A permit and closure system was introduced in 1990 by the Oslo Accords; Leila Farsakh, states that this imposes "on Palestinians similar conditions to those faced by blacks under the pass laws. Like the pass laws, the permit system controlled population movement according to the settlers’ unilaterally defined considerations." In response to the al-Aqsa intifada, Israel modified the permit system and fragmented the WBGS territorially. "In April 2002 Israel declared that the WBGS would be cut into eight main areas, outside which Palestinians could not live without a permit." John Dugard has said these laws "resemble, but in severity go far beyond, apartheid's pass system".

Marriage

The Nationality and Entry into Israel Law, passed by the Knesset on 31 July 2003, forbids married couples comprising an Israeli citizen and a Palestinian from the West Bank or Gaza Strip from living together in Israel. The law does allow children from such marriages to live in Israel until age 12, at which age the law requires them to emigrate. The law was originally enacted for one year, extended for a six month period on 21 July 2004, and for an additional four month period on 31 January 2005. "On 27 July 2005, the Knesset voted to extend the law until 31 March 2006, with minor amendments." The law was narrowly upheld in May 2006, by the Supreme Court of Israel on a six to five vote. Israel's Chief Justice, Aharon Barak, sided with the minority on the bench, declaring: "This violation of rights is directed against Arab citizens of Israel. As a result, therefore, the law is a violation of the right of Arab citizens in Israel to equality." Zehava Gal-On, a founder of B'Tselem and a Knesset member with the Meretz-Yachad party, stated that with the ruling "The Supreme Court could have taken a braver decision and not relegated us to the level of an apartheid state."

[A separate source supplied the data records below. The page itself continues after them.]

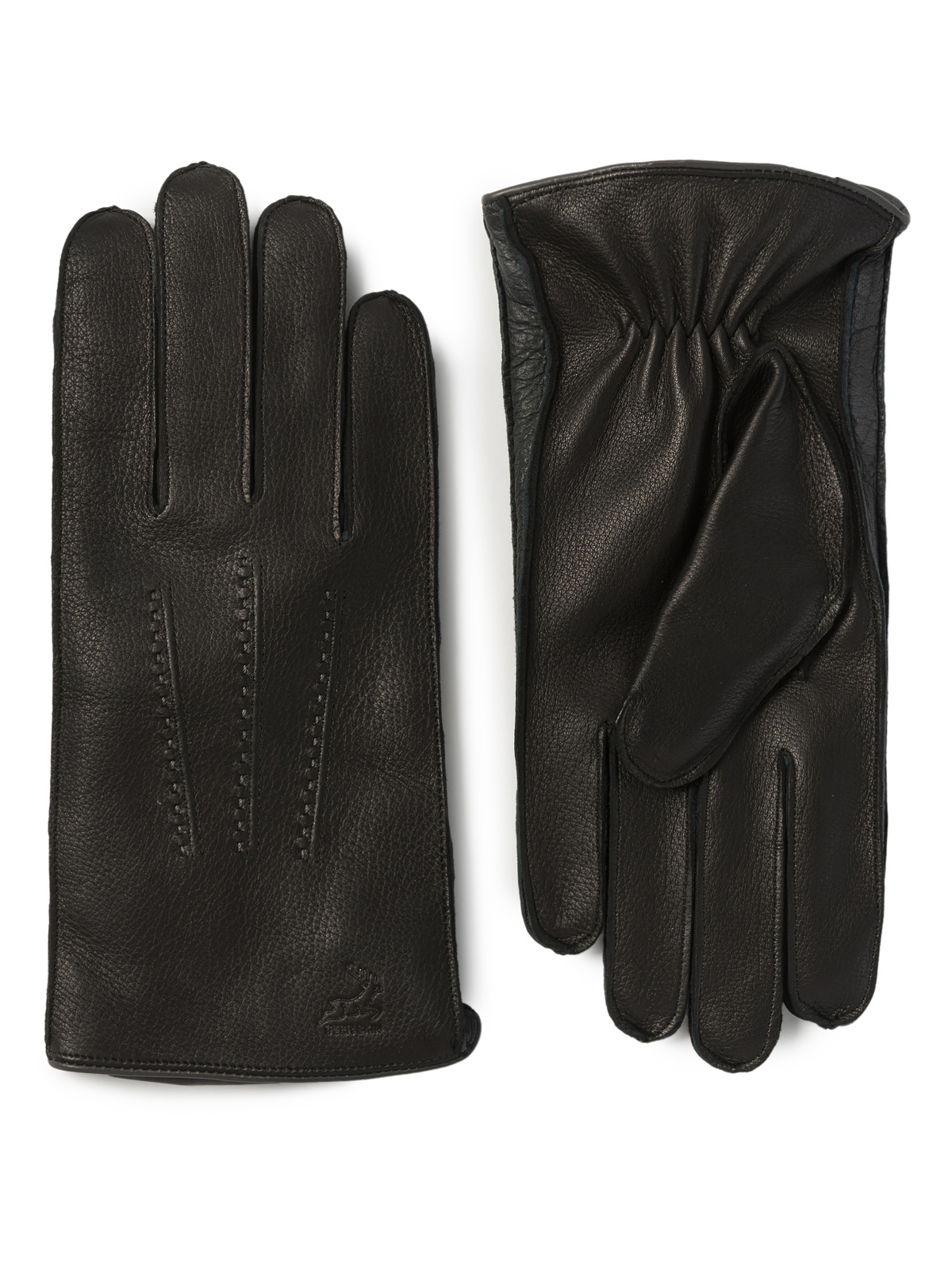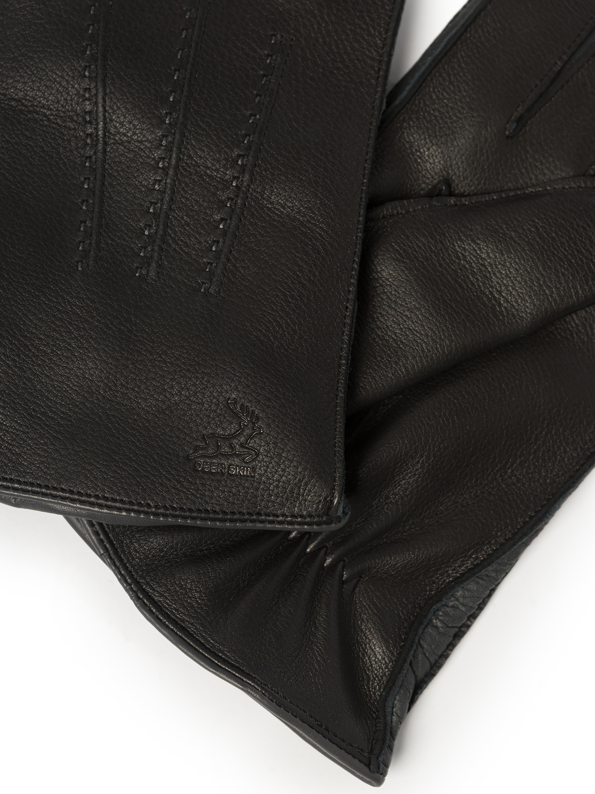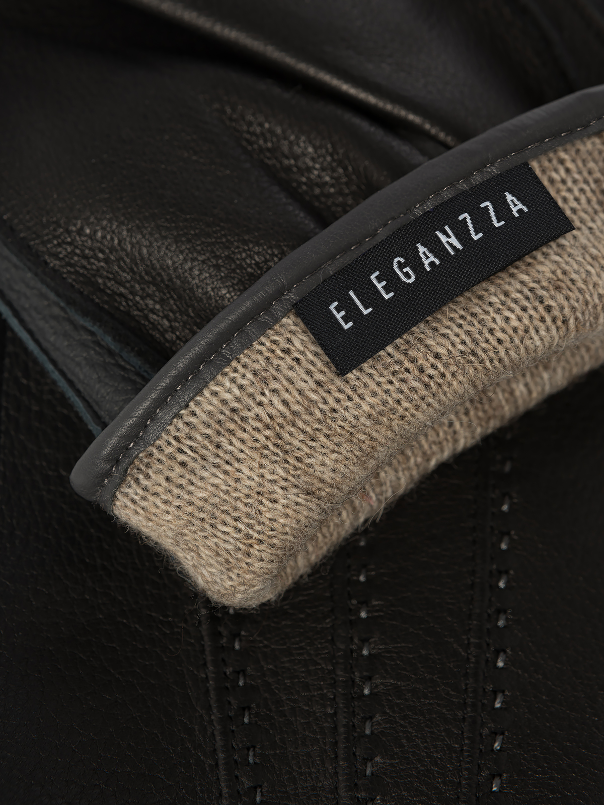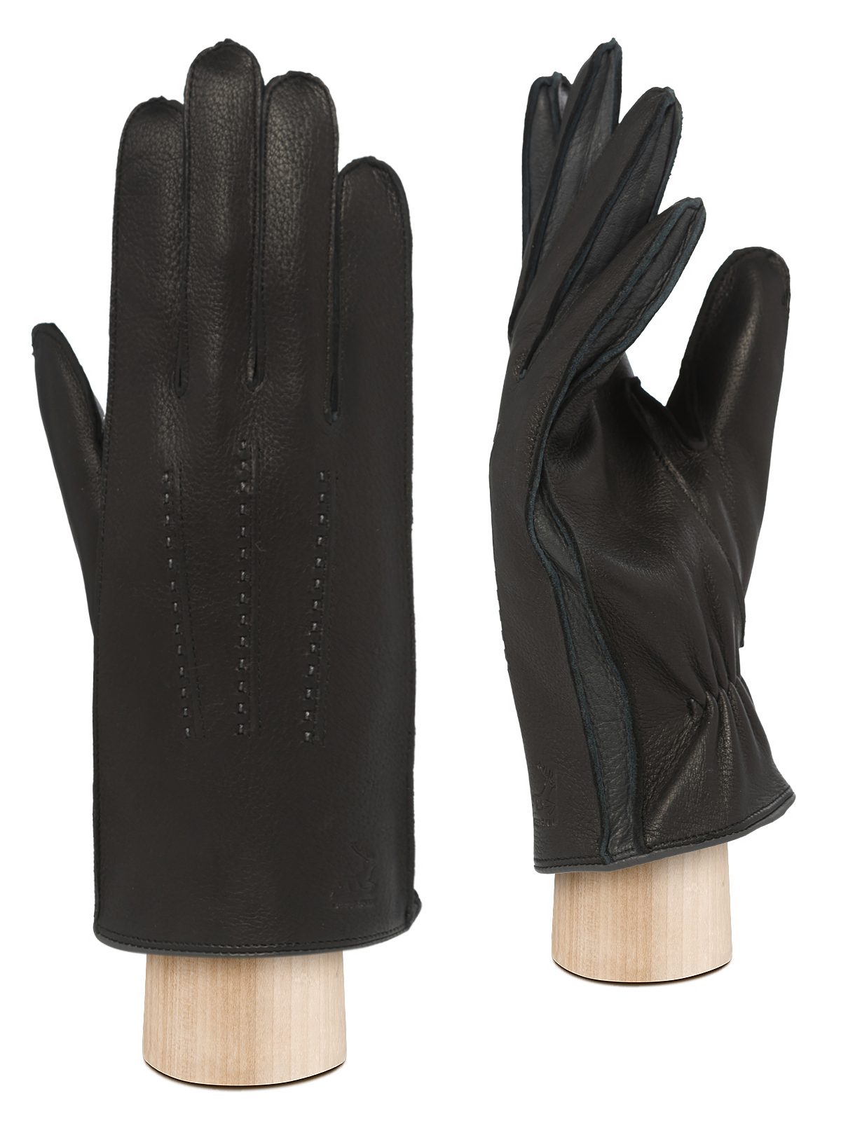 Перчатки торговой марки ELEGANZZA производства Китай выполнены из кожи оленя черного цвета. Отделка - декоративные швы три луча" вставки из кожи темно-серого цвета между пальцев и вдоль боковых швов. Подкладка: 100% шерсть. Швы - наружные ручные. На ладонной стороне резинка. Длина манжеты от нижней точки большого пальца до края перчаток - 5 см. Длина пальцев - средняя."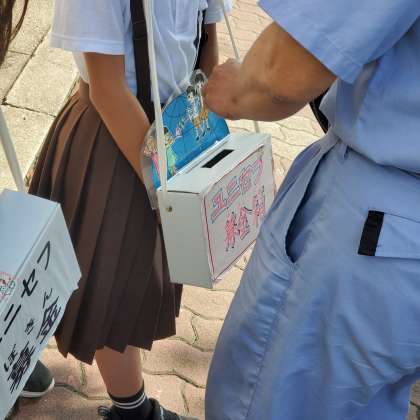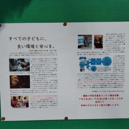 5年生が調べ学習でまとめたレポートを、地域町会の掲示板に貼っていただき、募金の呼びかけもしました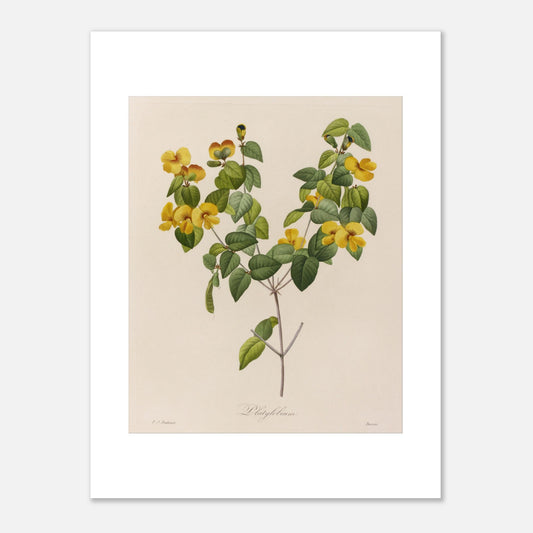 Platylobium es un grabado que resalta la singular belleza de esta planta, con sus vibrantes flores y elegantes hojas. Pierre-Joseph Redouté, el famoso ilustrador botánico del siglo XVIII, demuestra su maestría al representar las diversas tonalidades y formas florales.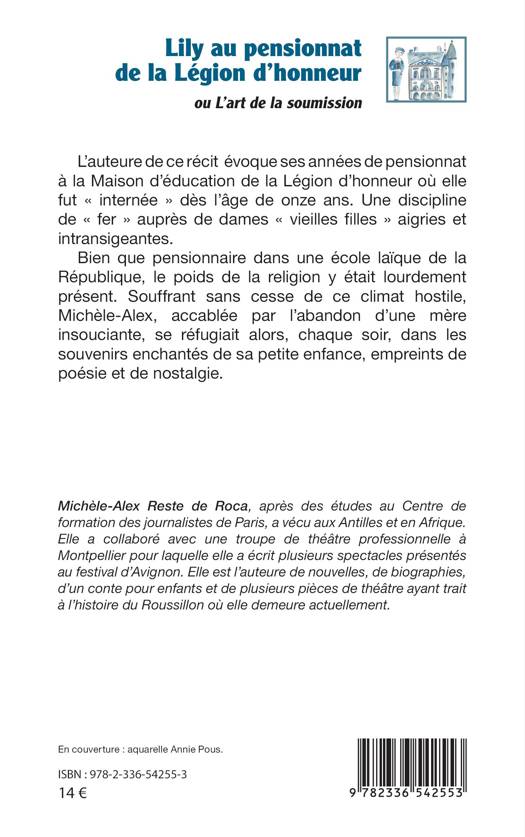 L'auteure de ce récit évoque ses années de pensionnat à la Maison d'éducation de la Légion d'honneur où elle fut internée dès l'âge de onze ans. Une discipline de fer auprès de dames vieilles filles aigries et intransigeantes. Bien que pensionnaire dans une école laïque de la République, le poids de la religion y était lourdement présent. Souffrant sans cesse de ce climat hostile, Michèle-Alex, accablée par l'abandon d'une mère insouciante, se réfugiait alors, chaque soir, dans les souvenirs enchantés de sa petite enfance, empreints de poésie et de nostalgie.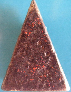 เป็นพระเนื้อดิน สีส้มๆ แล้วลงสีดำทับ ไม่เก่าครับ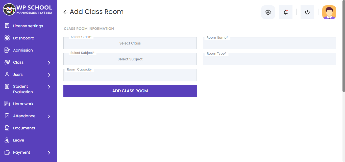 If the Enable Class Room option is enabled Class room option will visible in the class section.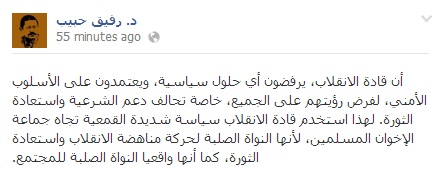 وقال حبيب عبر صفحته الرسمية على "فيسبوك" اليوم الثلاثاء: "إن قادة الانقلاب، يرفضون أي حلول سياسية، ويعتمدون على الأسلوب الأمني، لفرض رؤيتهم على الجميع، خاصة تحالف دعم الشرعية واستعادة الثورة. لهذا استخدم قادة الانقلاب سياسة شديدة القمعية تجاه جماعة الإخوان المسلمين، لأنها النواة الصلبة لحركة مناهضة الانقلاب واستعادة الثورة، كما أنها واقعيا النواة الصلبة للمجتمع".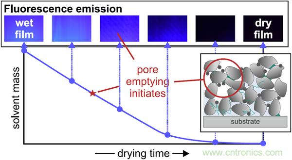 德國卡爾斯魯厄理工學(xué)院薄膜技術(shù)研究所的Stefan Jaiser等人引入了一種實驗裝置,在涂層干燥溶劑蒸發(fā)過程中能夠測量涂層的收縮,涂層表面液體含量,以及表面孔洞消失的過程。在電極漿料中少量加入一種熒光增白劑,涂層中的液體在UV-A紫外線輻照下能夠發(fā)出藍光,因而可以用相機觀察到液相。圖像處理可以估算涂層表面的液體含量,跟蹤電極孔隙中的液相消失過程。同時,濕涂層的厚度采用二維激光位移傳感器測量。實驗結(jié)果揭示了液相去除,電極孔隙中開始形成的時刻。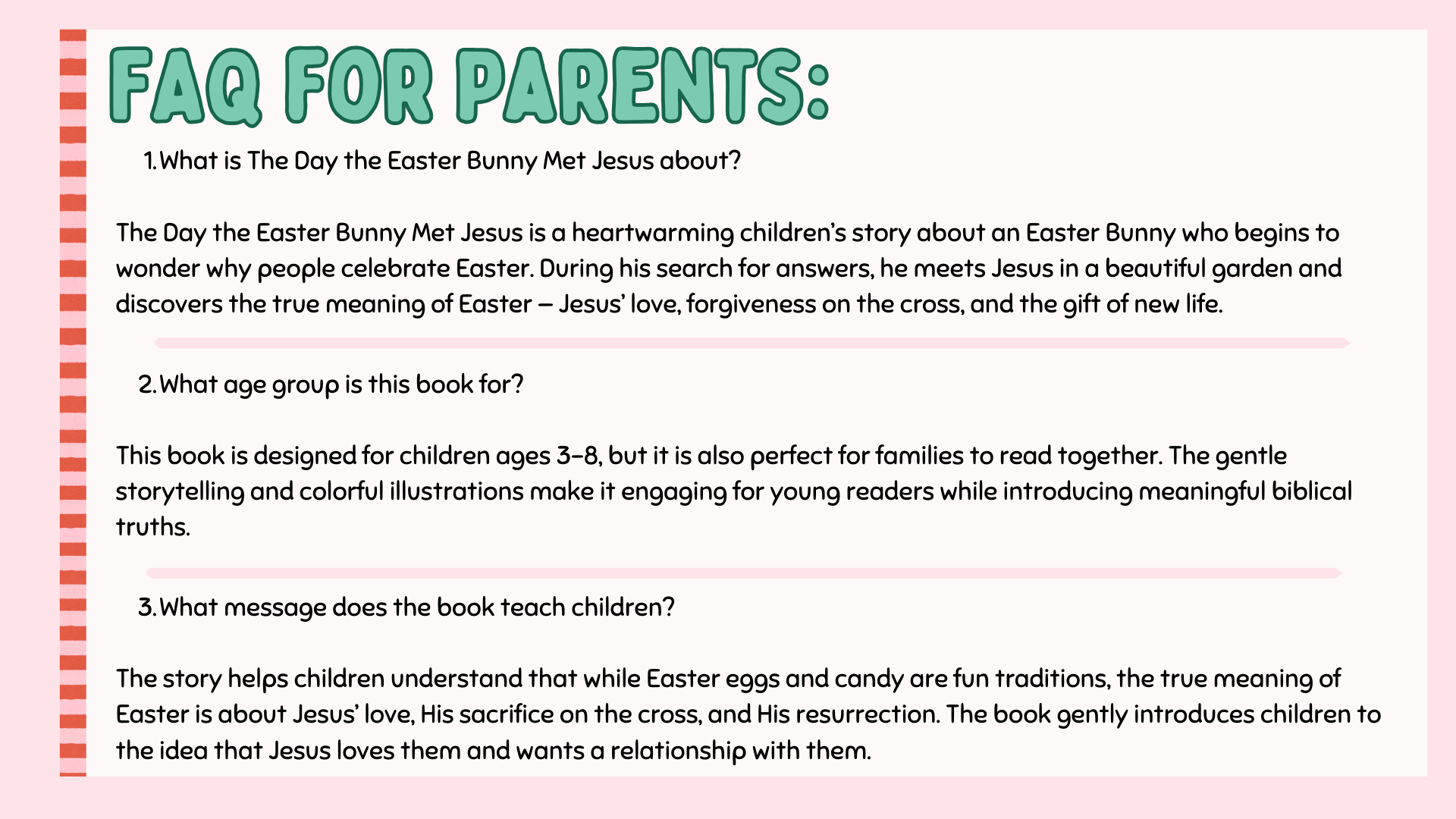 The Day the Easter Bunny Met Jesus is a beautifully illustrated Christian children’s book that helps families share the real story of Easter in a simple, meaningful, and engaging way.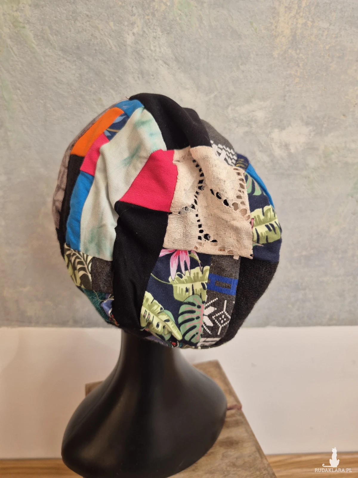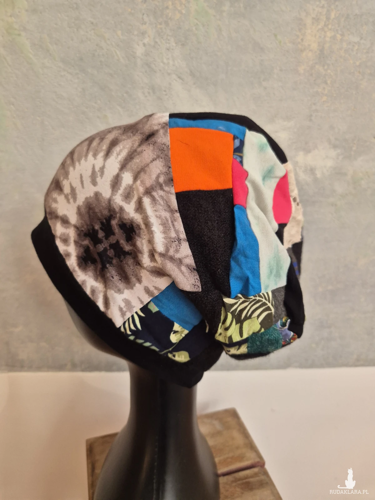Czapka patchworkowa na podszewce rozmiar uniwersalny rękodzieło dobra na codzienne noszenie polecam box a1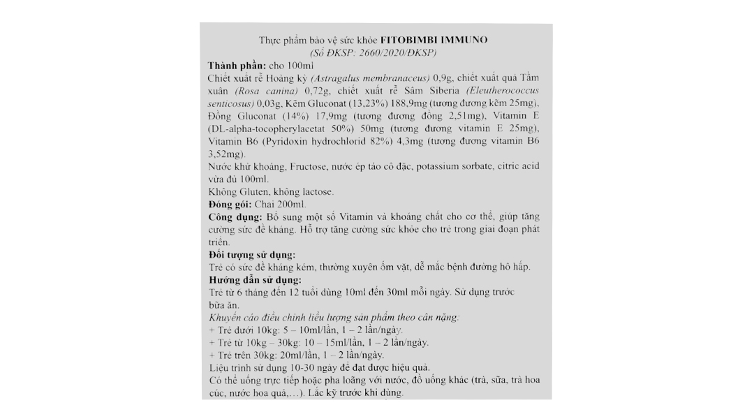 - Sản phẩm có vị ngọt thanh, dễ uống và không chứa lactose, gluten, phù hợp với những trẻ em có nhu cầu tăng cường sức khỏe. Fitobimbi Immuno giúp cải thiện hệ miễn dịch, giúp trẻ phát triển khỏe mạnh, giảm thiểu nguy cơ mắc các bệnh vặt và tăng cường sức đề kháng trong giai đoạn phát triển.

Adam and Moodley cite the marriage law as an example of how Arab Israelis "resemble in many ways 'Colored' and Indian South Africans."

They write: "Both Israeli Palestinians and Colored and Indian South Africans are restricted to second-class citizen status when another ethnic group monopolizes state power, treats the minorities as intrinsically suspect, and legally prohibits their access to land or allocates civil service positions or per capita expenditure on education differentially between dominant and minority citizens."

Arguments against the term

Legal status of Israeli Arabs

Israeli law does not differentiate between Israeli citizens based on ethnicity. Israeli Arabs have the same rights as all other Israelis, whether they are Jews, Christians, Druze, etc. These rights include suffrage, political representation and recourse to the courts. Israeli Arabs are represented in the Knesset (Israel's legislature) and participate fully in Israeli political, cultural, and educational life. In apartheid South Africa, "Blacks" and "Coloureds" could not vote and had no representation in the South African parliament.

In an op-ed for the Jerusalem Post, Gerald Steinberg, Professor of Political Studies at Bar Ilan University, argued that "Black labor was exploited in slavery-like conditions under apartheid, in contrast, Palestinians are dependent on Israeli employment due to their own internal corruption and economic failures."

The features of petty apartheid do not exist within Israel, according to Benjamin Pogrund:

The difference between the current Israeli situation and apartheid South Africa is emphasised at a very human level: Jewish and Arab babies are born in the same delivery room, with the same facilities, attended by the same doctors and nurses, with the mothers recovering in adjoining beds in a ward. Two years ago I had major surgery in a Jerusalem hospital: the surgeon was Jewish, the anaesthetist was Arab, the doctors and nurses who looked after me were Jews and Arabs. Jews and Arabs share meals in restaurants and travel on the same trains, buses and taxis, and visit each other’s homes. Could any of this possibly have happened under apartheid? Of course not.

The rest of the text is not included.